For now, I can do this work-around, but it's not pretty. Take the PDT ISO8601 string returned from "mutate"/"convert" above, and replace the "Z" UTC designator with "+02:00", to account for the PDT -> CDT timezone offset:

    filter {
      mutate {
        convert => { "job_timestamp" => "string" }
        gsub => ["job_timestamp", "Z", "+02:00"]
      }

      date {
        match => ["job_timestamp", "ISO8601"]
        target => "new_timestamp"
      }

      prune {
        whitelist_names => [ "job_timestamp", "new_timestamp", "tags" ]
      }
    }

Results in:

    {
        "new_timestamp" => 2020-03-09T06:42:59.000Z,
        "job_timestamp" => "2020-03-09T08:42:59.000+02:00"
    }

Finally! :stuck_out_tongue: "new_timestamp" is now correct. We mutated the original DATETIME into a string with the correct timezone (seen in "job_timestamp" above), converted that string back into a datetime with the "date" plugin, and assigned that into the new "new_timestamp" field. (If I wanted to set "job_timestamp" to that value instead, I'd just set "job_timestamp" as the "target" of "date".)

But yeah, just being able to directly set the timezone for incoming DATETIMEs would be much better, if you know their timezone, and you can't convince the data producer to add the timezone offset to the data itself (possibly for fear of messing up existing schemas).

Yes, the jdbc filter is converting the date/time column in the database to a LogStash::Timestamp. A date filter cannot parse that. So you need to mutate and gsub it.

2 Likes

Hello @Jonathan_Rice

This is a great post and wanted to offer some clarifications.

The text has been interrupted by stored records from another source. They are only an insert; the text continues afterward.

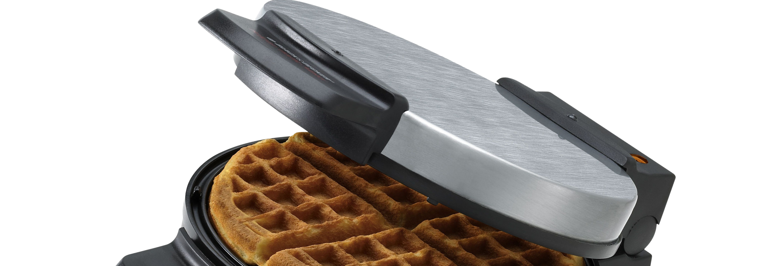 A thick, fluffy, 7-1/4-inch-diameter Belgian waffle is already divided into four sections and ready to be shared when it comes out of this handsome waffle maker. That's because the grids' dividers are high enough to separate the sections. The grids are nonstick, meaning they readily release the four-piece waffle and easily wipe clean. A ready light shines when the waffle maker is properly heated to accept the batter and shines again when the waffle is cooked. With its chrome housing and stay-cool black synthetic handles, this 650-watt appliance looks great on the counter. Afterward, the cord wraps around the hinge, plus you can stand the waffle maker upright for compact storage.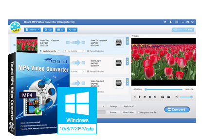 Tipard MP4 Video Converter è in grado di convertire i file video di qualsiasi formato in MP4 da riprodurre sui dispositivi mobili. Supporta la conversione di tutti i principali formati di file video (MOV, MPEG4, AVI, FLV, MKV, VOB, WTV, WMV) e video HD (HD TS, HD MP4, HD FLV, HD MOV, HD AVI, ecc) in MP4. Inoltre, fornisce profili di output predefiniti per dispositivi popolari come iPhone 5S/5C, iPad Mini 2, iPad Air, Samsung Galaxy S4, Samsung Galaxy Note/2/3, Samsung Galaxy Tab 2, ecc. Usandolo, potrete godervi facilmente qualsiasi video sui vostri dispositivi mobili.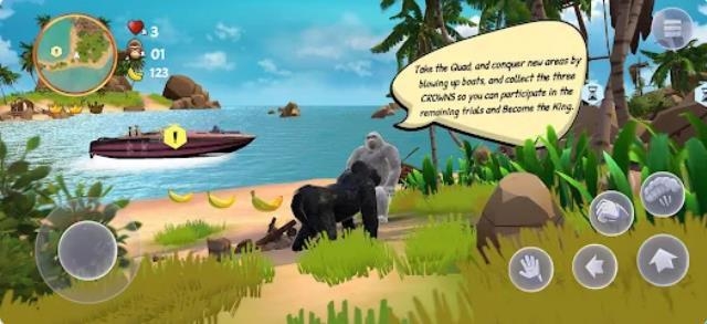 1、在岛屿中自由探索,收集香蕉和皇冠,这些不仅是冒险中的奖励,也是解锁新角色和技能的关键资源。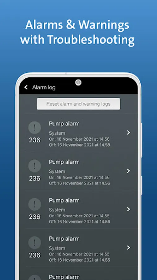 • Alarms and warnings - detailed information of events with time stamps and trouble shooting guidance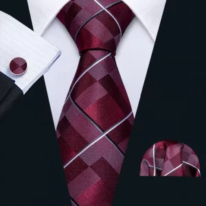 Men's Red Plaid Silk Tie & Hanky Set – Wedding & Party Fashion
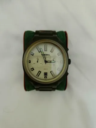 Vendo reloj Diesel modelo Diesel DZ4342 en color dorado, un reloj muy llamativo y con mucha presencia en muñeca gracias a su diseño grande estilo oversize típico de Diesel. Cuenta con esfera negra con detalles dorados y subesferas de cronógrafo, un diseño moderno que combina muy bien tanto con outfits casual como con estilo más elegante o urbano. El reloj se encuentra en perfecto estado estético, muy bien cuidado. ⚠️ Importante: • Actualmente no tiene pila • No incluye caja ni papeles Solo habría que ponerle una pila nueva para que funcione. Es un reloj muy popular de Diesel, con caja grande de acero inoxidable y correa metáli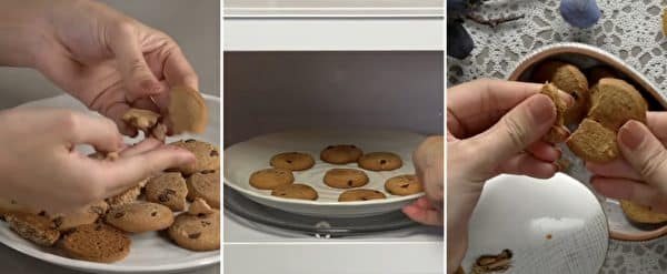 5. Làm bánh quy giòn trở lại Bánh quy để lâu sẽ bị ẩm và mềm ra. Hãy làm nóng bằng lò vi sóng khoảng 10 giây sẽ giúp bánh giòn trở lại. Bánh bị mềm có thể làm nóng bằng lò vi sóng để giòn trở lại. 6. Làm mềm đậu Các loại đậu thường phải ngâm nước vài tiếng mới mềm ra được, lò vi sóng có thể làm mềm hạt đậu nhanh chóng hơn. Ngâm đậu trong nước rồi đun nóng trong lò vi sóng khoảng 10 phút, để nguội là có thể dùng để nấu ăn. Làm nóng bằng lò vi sóng sẽ khiến hạt đậu mềm ra.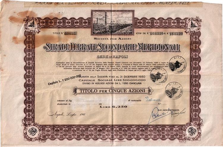 Con delibera dell’assemblea straordinaria del 16 maggio 1901 la società si trasformò in società per azioni assumendo la nuova denominazione di Strade Ferrate Secondarie Meridionali. La trasformazione fu spinta da Teodoro Cutolo, imprenditore napoletano molto attivo in vari settori dell’economia locale, che riuscì ad ottenere l’appoggio della Società Meridionale di Elettricità (SME), permettendo un incrocio di interessi tra industrie elettriche e dei trasporti. Poco prima del cambio di denominazione la società e la SME avevano ottenuto la concessione per una linea a scartamento ridotto attorno al Vesuvio diramantesi dalla preesistente Napoli-San Giuseppe Vesuviano.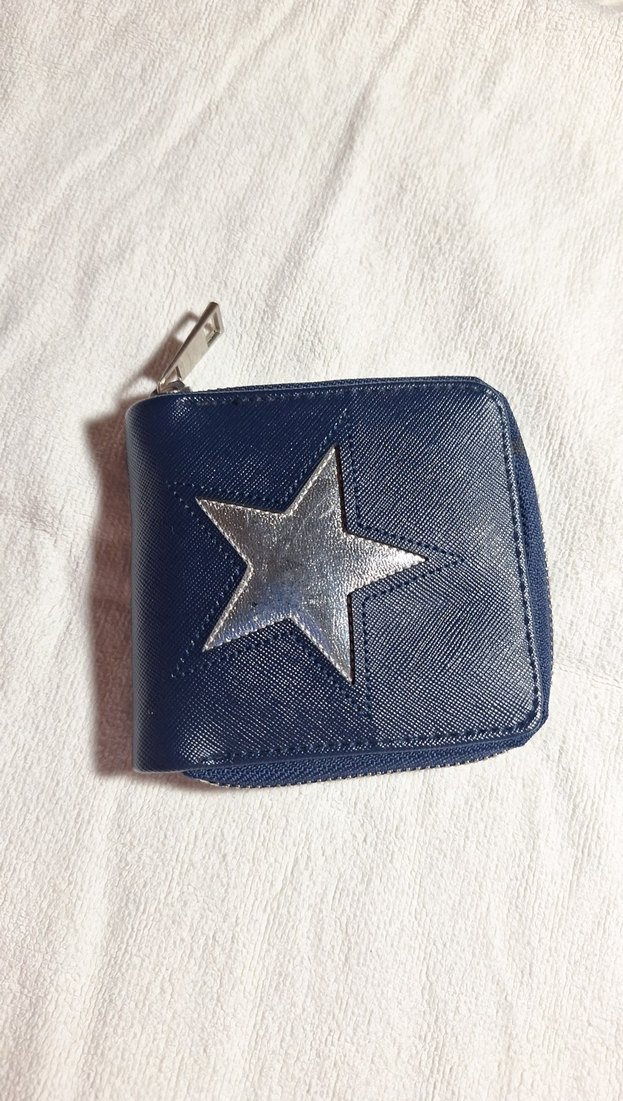 Parlak mavi deri kadın cüzdan, fermuarlı kapama ve nakışlı yıldız deseniyle Parisli karşı kültür tarzını yansıtıyor.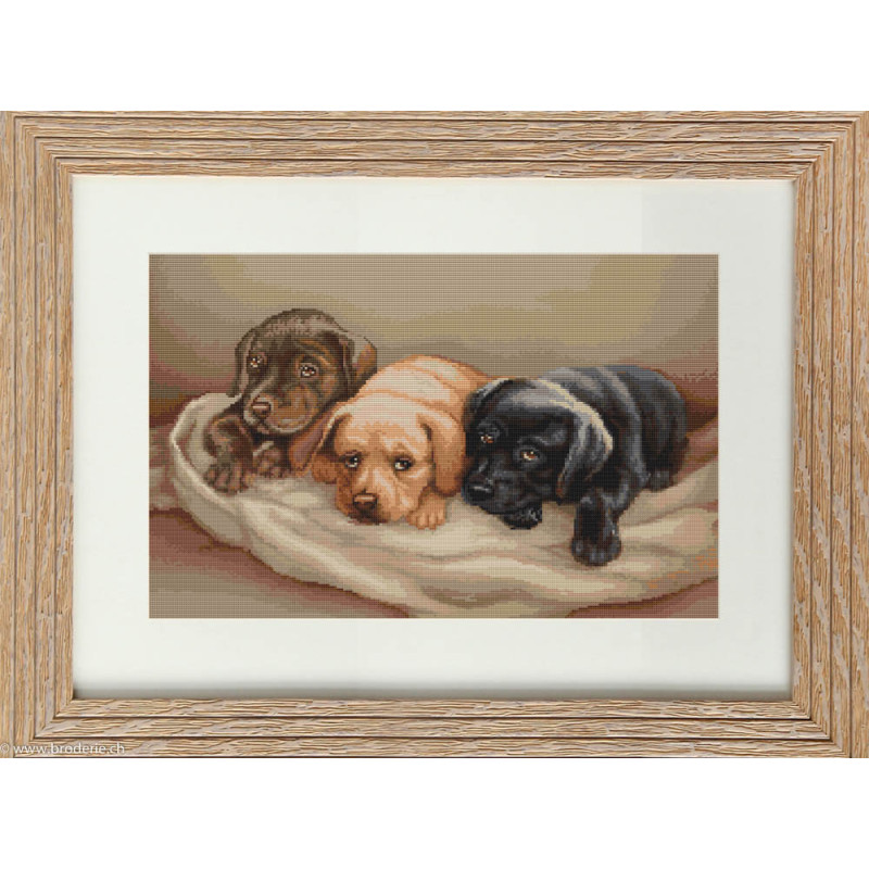 L'article 'Luca-S, kit Three dogs (LUCAB434)' fait partie de notre assortiment depuis le 2 octobre 2018. Luca-S est une gamme de points de croix comptés qui nous vient de Moldavie. Il y a beaucoup de modèles de personnages, paysages, nature morte, ainsi que de sympathiques kits pour Noël, des sacs à confectionner, des carttes postales à broder. Pour beaucoup de modèle vous pouvez aussi avoir le kit en canevas 25ct, pour des demi-points à compter (10/cm), ce qui fait la broderie bien plus petite et fine dans la rubrique Kits - Luca-S (P). Les kits sont fournis principalement sur de la trame aïda 6.4 points/cm ou 7 points/cm, ou de l'étamine de Zweigart, les coussins avec de l'étamine 8 fils ou 10 fils/cm. Les fils sont de la maison Anchor.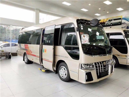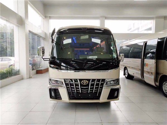 进口丰田考斯特,高级商务大巴,高端老总出行专用座驾,舒适的环境,稳定的性能,低调的气质,是商界的宠儿。优点有:可旋转真皮航空座椅、固定式真皮航空座椅、豪华办公桌、原装进口车载冰箱、加装冰箱外装饰、电动升降窗帘、车载无线传真机、轮毂罩、不锈钢杂物架、钛合金饮料架、秘书台、吸顶折叠电视、电脑视频音频系统、整车地毯、散件地毯、空气净化器、电动台阶、车身彩条等配置。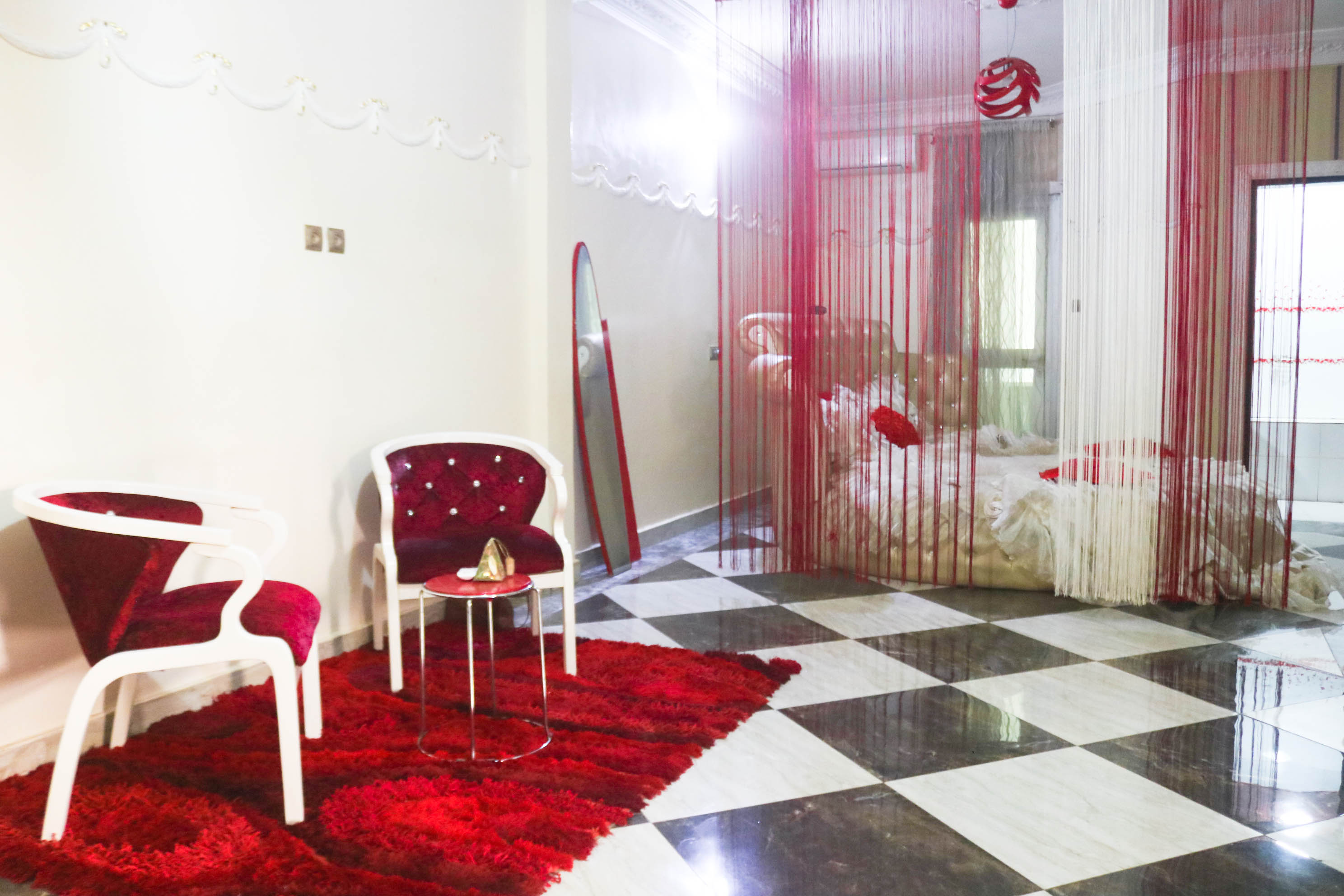 Mini salon romantique, chambre, salle de bain avec baignoire.
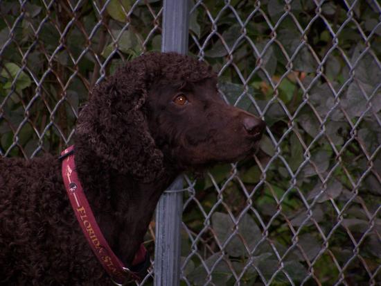 » Wallpaper Irish Water Spaniel at the fence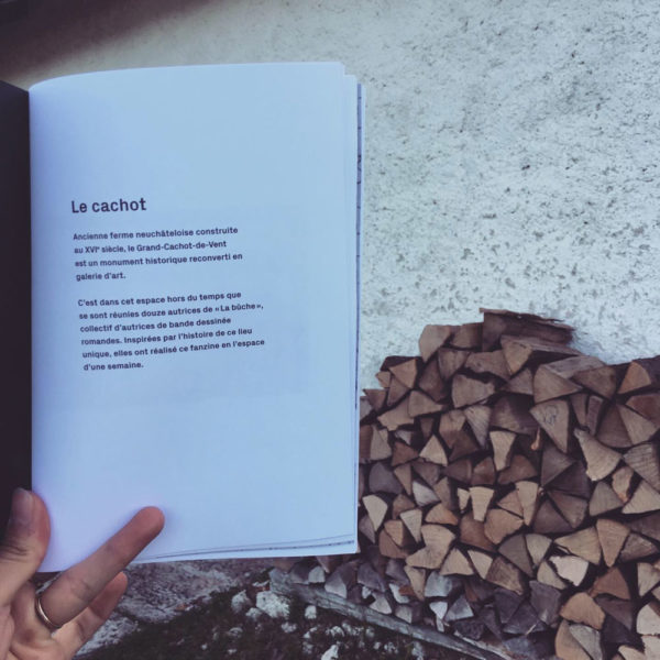 Le Cachot. Fanzine, 2019. Durant une semaine de la mi-août, une douzaine de bûcheuses ont eu la chance d’être en résidence à la Fondation du Grand-Cachot-de-Vent, dans le Jura neuchâtelois, et d’y créer ensemble un fanzine inspiré de ce lieu hors du commun.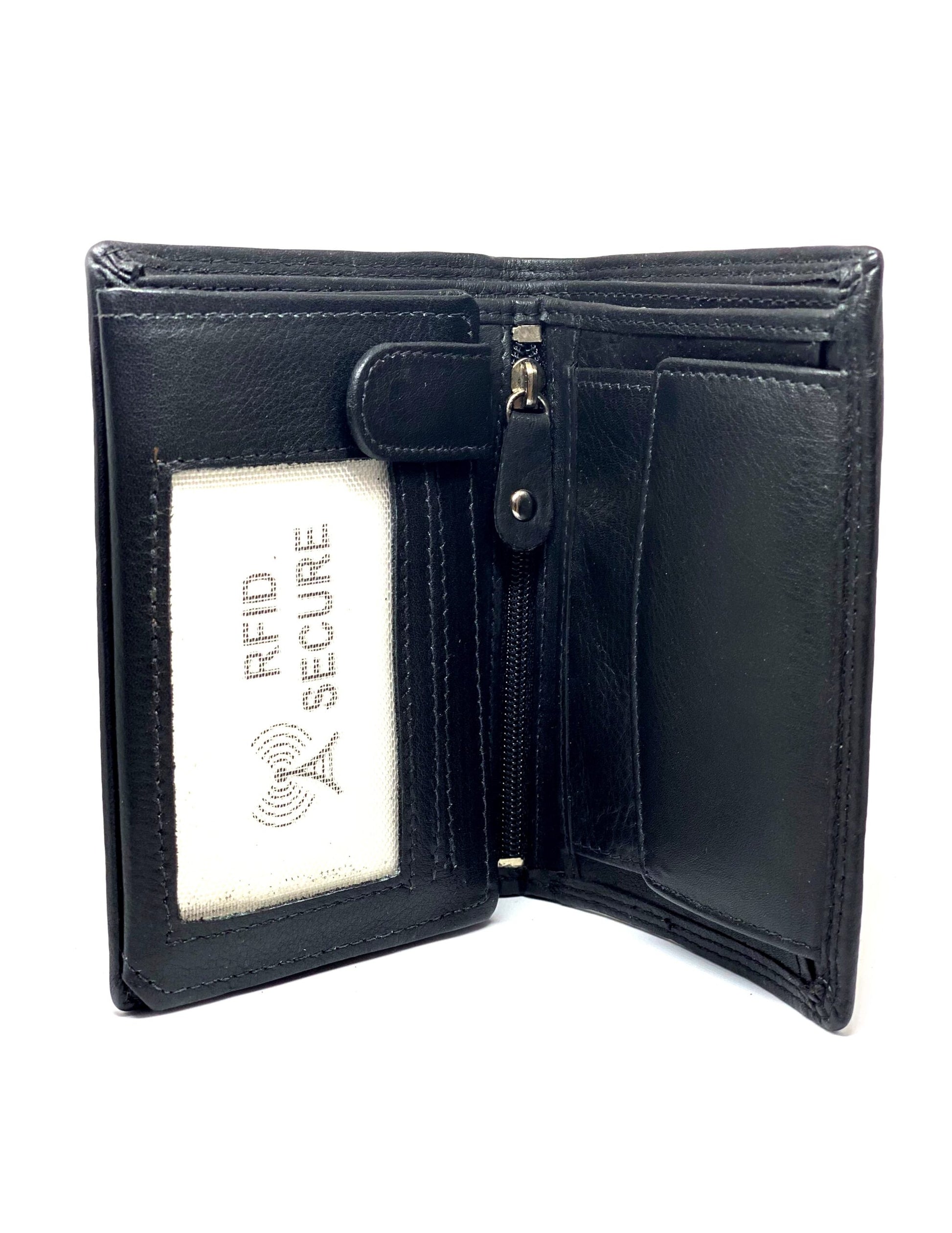 Denne pung er RFID sikret, og er derfor udstyret med en folie, der forhindre uvedkommende i at aflæse dine personlige data.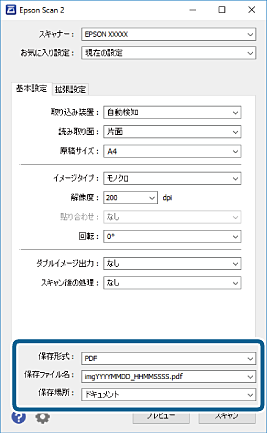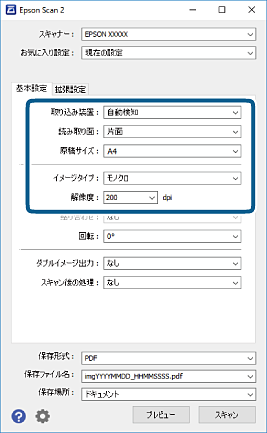 各設定項目の説明はEpson Scan 2のヘルプをご覧ください。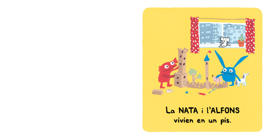 L'Alfons i la Nata viuen a un pis de la setena planta. Tenen una llitera tan gran com un autobús, una butaca per amagar-se, un balcó amb geranis, espai per fer tombarelles, i molt més... Tots dos tenen força lloc per jugar.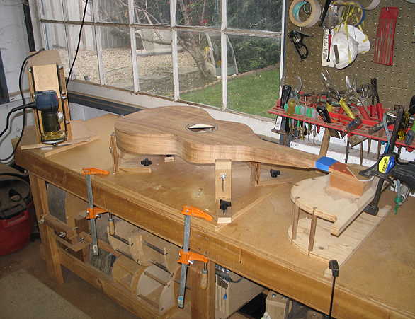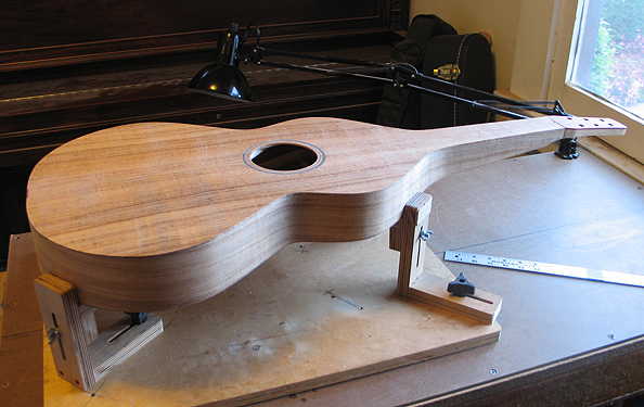 I just spent about an hour adapting my holding cradle for this instrument. I had to drill a couple more holes in the platform for better positioning of the holding clamps, so it would hold the instrument more solidly. Then I set the guitar in the cradle so that all the sides were perpendicular to the platform:

The Logstash date Filter expects a string. The _dateparsefailure tag is expected when not the date field is not actually converted to string.

The Logstash JDBC Input makes use of Sequel library (https://github.com/jeremyevans/sequel).
We have those layers of transformation:

  • The TZ configured on MySQL server side
  • The JDBC Driver optional parameters related to TZ (e.g. useTimezone, serverTimezone...)
  • The Sequel Library abstraction
  • Logstash JDBC Input

The JDBC Input plugin (documentation) offers 2 parameters related to timezone:

  • jdbc_default_timezone
    SQL does not allow for timezone data in timestamp fields. This plugin will automatically convert your SQL timestamp fields to Logstash timestamps, in relative UTC time in ISO8601 format.
    Using this setting will manually assign a specified timezone offset, instead of using the timezone setting of the local machine. You must use a canonical timezone, America/Denver, for example. See documentation and source code
  • plugin_timezone
    Give users the ability to force Sequel application side into using local timezone. See documentation

I would suggest to attempt using those options.

Another post which doesn't make use of those params: https://github.com/logstash-plugins/logstash-input-jdbc/issues/293#issuecomment-414546156

This topic was automatically closed 28 days after the last reply. New replies are no longer allowed.